Clint's Crazy Bargains
- Type: Discount retail
- Founded: 1978; 48 years ago
- Founder: David & Kerry Rickards and Norm & Sue O'Neill
- Defunct: 2000; 26 years ago
- Fate: Sold to The Warehouse
- Successor: The Warehouse
- Area served: Victoria, New South Wales, Australian Capital Territory

= Clint's Crazy Bargains =

Australian discount retailer

Clint's Crazy Bargains was established in November 1978, as a partnership between David and Kerry Rickards, and Norm and Sue O'Neill.

It was a retailer of discount variety merchandise including gifts, cosmetics, clothing, books, craft goods, hardware, stationery, toys, jewellery, kitchenware, caneware, haberdashery, manchester, small electrical goods, luggage and furniture.

==History ==
The Business was initially a single store (Bankstown, New South Wales) and a market stall operation dealing primarily in distressed and surplus merchandise bought from public auction. A second store in Leichhardt (October 1980) followed by the move into substantially larger premises of 7000 ft2 in Bankstown (April 1981) saw the commencement of a serious attempt to build a new retail concept.

The St Marys store (July 1983), spectacularly successful in 4000 ft2, became the prototype of the new "discount variety" or "bargain store". As the business evolved through wholesaling and new shop openings, techniques and policies changed constantly, but the theme of the "Bargain Store" remained. A diverse range of goods that were cheap.

Throughout the early and mid-1980s, the principal product source continued to be distressed or opportunity merchandise.

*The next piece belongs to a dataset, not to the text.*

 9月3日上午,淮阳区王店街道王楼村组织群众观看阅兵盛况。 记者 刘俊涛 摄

As stock needs increased the weakness of such a dependence emerged, low-cost-manufactured goods from South East Asia became the target. Volandu Pty Ltd was formed in October 1985 as an import company with the same ownership as Clints.

Wholesaling was commenced to increase purchasing power and credibility overseas. The continuing growth of Clints and similar chains in other states brought about fanatic import volume increases. From 100 containers in 1987 to over 3,000 in 1995. The original 23,000-square-foot warehouse was replaced by a 50000 ft2 warehouse in 1990, only to be replaced by a 215000 ft2 warehouse complex purchased in January 1992. Also in 1992, a warehouse in China was completed for the consolidation of goods for Clints and other Volandu customers. This facility allowed flexibility and control over a massive range of cheap products being produced in southern China.

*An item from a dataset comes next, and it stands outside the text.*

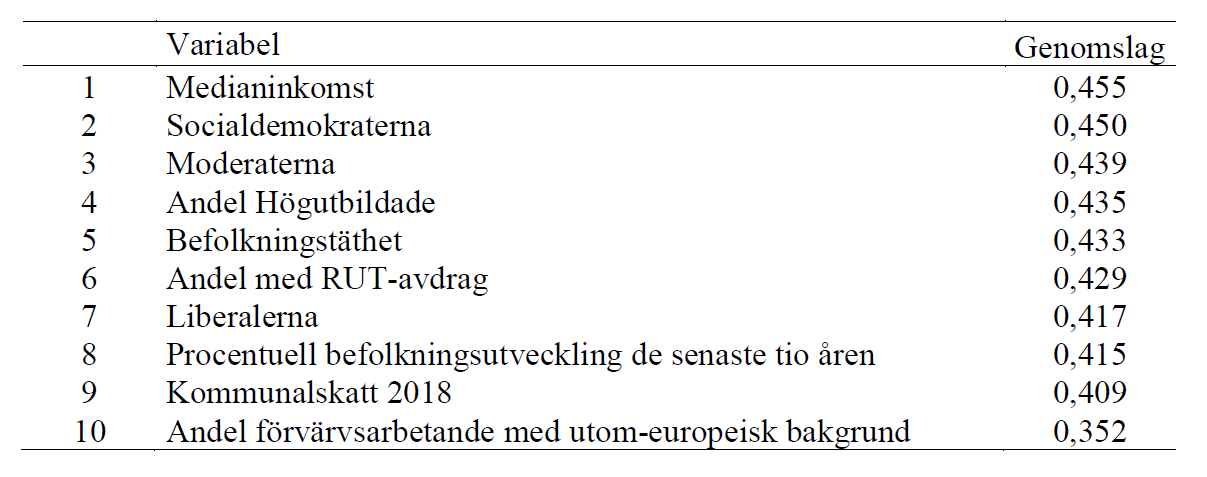 Av de socio-ekonomiska (och politiska) variabler som inkluderades i analysen här – vilka var då starkast relaterade till valresultatet på kommunnivå. Tabellen nedan visar resultatet:

An additional distribution warehouse of a 100000 ft2 was purchased in February 1995 in Footscray, Victoria, Australia, to service the then growing number of Victorian stores and to facilitate the movement of increasing volumes of merchandise between Sydney and Melbourne.

The business operated 116 stores across New South Wales, Victoria and the ACT, and eventually acquired Fair Dinkum Bargains and Silly Sollys.

==Acquisitions ==
In 2000 the Clint's Crazy Bargains business was sold to the New Zealand company The Warehouse.

In 2008 the remaining stores were sold to a group of Australian investors, Australian Discount Retail, and subsequently renamed Sam's Warehouse.